Yaroslav Mikhaylovich Blanter (Ярослав Михайлович Блантер; born 19 November 1967) is a Russian physicist, an expert in the field of extractive metallurgy and condensed matter physics. As of 2011, he is a professor at the Delft University of Technology.

==Biography==
Blanter was born in Moscow, Russia. In 1984, he graduated from the Second physico-mathematical school of Moscow.

In 1990, he graduated from the physicochemical department of the Moscow Institute of Steel and Alloys in the field of extractive metallurgy.

Until 1992, he took post-graduate courses at the same institute. In 1992, he defended his thesis and received the Candidate of physico-mathematical sciences degree. The subject of the thesis concerned the development of the quantum effects in the kinetic properties of the electronic systems at the topological transition.

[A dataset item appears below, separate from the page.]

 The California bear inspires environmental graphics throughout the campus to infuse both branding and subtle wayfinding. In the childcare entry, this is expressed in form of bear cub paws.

From 1990 to 1994, he taught statistical physics, the theory of normal and superconducting metals, classical and quantum mechanics. From 1989 to 1993, he also taught mathematics at the 43rd School of Moscow.

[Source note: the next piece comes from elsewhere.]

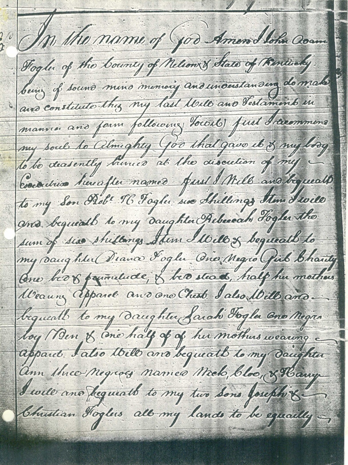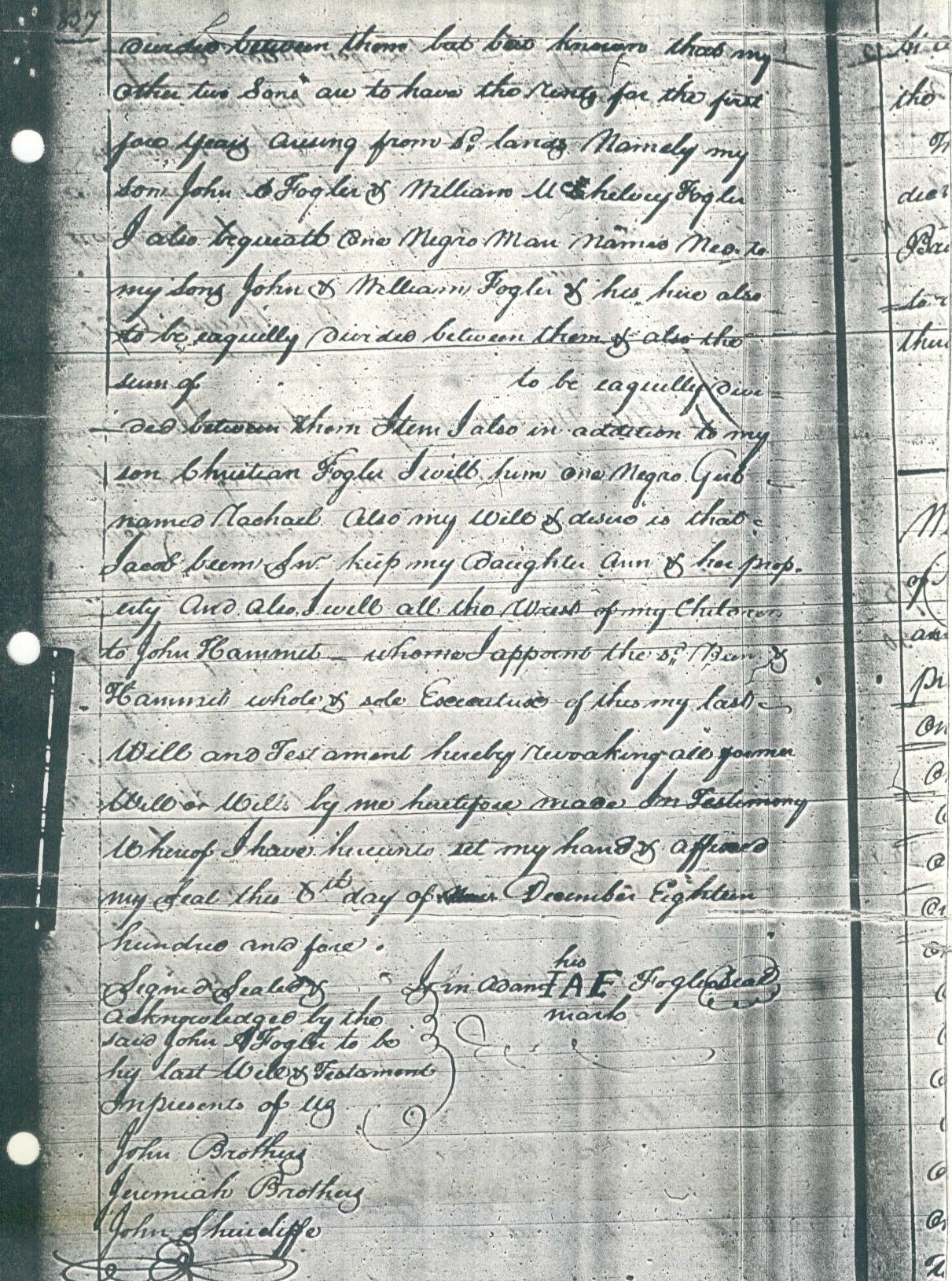 In the name of God Amen I John Adam Fogler of the County of Nelson & State of Kentucky being of sound mind memory and understanding do make and constitute this my last Will and Testament in manner and form following, Towit, first I recommend my soul to Almighty God that gave it & my body to be deasently buried at the discretion of my Executrix hereafter named first I Will and bequeath to my Son Robt H Fogler six Shillings Item I will and bequeath to my daughter Rebeccah Fogler the sum of six shillings Item I Will & bequeath to my daughter Diana Fogler One Negro Girl Charity One bed & furniture, & bedstead, half her mothers Wearing Apparel and one Chest. I also Will and bequeath to my daughter Sarah Fogler one Negro boy Ben & one half of of her mothers wearing apparel. I also Will and bequeath to my daughter Ann three Negroes named Wick, Cloe, & Harry I will and bequeath to my two Sons Joseph & Christian Foglers all my lands to be equailly divided between them but be it known that my other two Sons are to have the rents for the first fore years arising from sd lands Namely my Son John A Fogler & William Mckelvey Fogler I also bequeath One Negro Man named Ned to my Sons John & William Fogler & his line also to be eaquilly divided between them & also the sum of (blank) to be eaquilly divided between them Item I also in addition to my son Christian Fogler I will him one Negro Girl named Rachael. Also my Will & desire is that Jacob beem Sr. keep my daughter Ann & her property And also, I will all the Wrest of my Children to John Hammet whome I appoint the sd Beem & Hammet whole & sole Executrix of this my last Will and Testament hereby revoaking all former Will or Wills by me heretofore made In Testimony Whereof I have hereunto set my hand & affixed my Seal this 6th day of December Eighteen hundred and fore. his John Adam IAF Fogler(Seal) mark Signed Sealed & Acknowledged by the said John A Fogler to be his last Will & Testament In presents of us John Brothers Jeremiah Brothers John Shircliffe |

In 1995, supported by the Alexander von Humboldt Foundation, he obtained a position at the Institute of Condensed Matter Theory in Karlsruhe. From 1996 to 2000, he held a position at the University of Geneva. From 2000 to 2007, he was an associate professor at the Delft University of Technology. In 2007, he became a senior associate professor there. In 2002, he was one of three members of the organizing committee of the NATO Advanced Research Workshop "Quantum Noise in Mesoscopic Physics", held in Delft, the Netherlands.

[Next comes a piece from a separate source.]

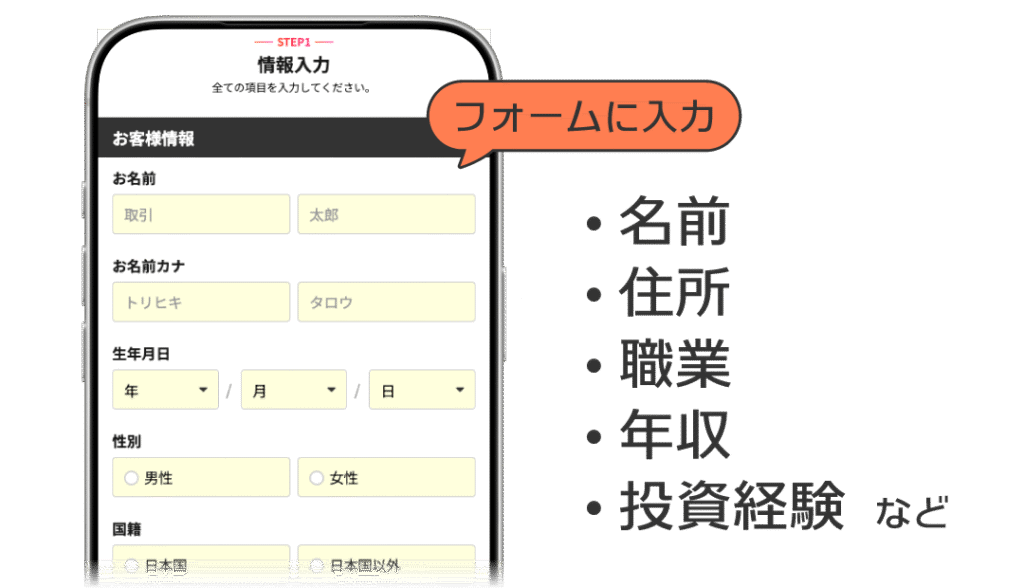 名前、住所、職業、年収、投資経験などを入力します。

From 2007 to 2011, he was an active contributor with administrator permissions in the Russian Wikipedia and a member of its Arbitration Committee. The Daily Dot noted Blanter's role in the deletion of an English Wikipedia hoax about a ficticous Russian filmmaker which was up for almost four years.

==Selected works==
Blanter has published over 100 works in several scientific journals. According to Scopus his h-factor is 47.

==See also==
- List of Wikipedia people

==Books==
- Nazarov, Yuli V.; Blanter, Yaroslav M.; Quantum Transport: Introduction to Nanoscience, Cambridge University Press, 2009. ISBN 978-0-521-83246-5.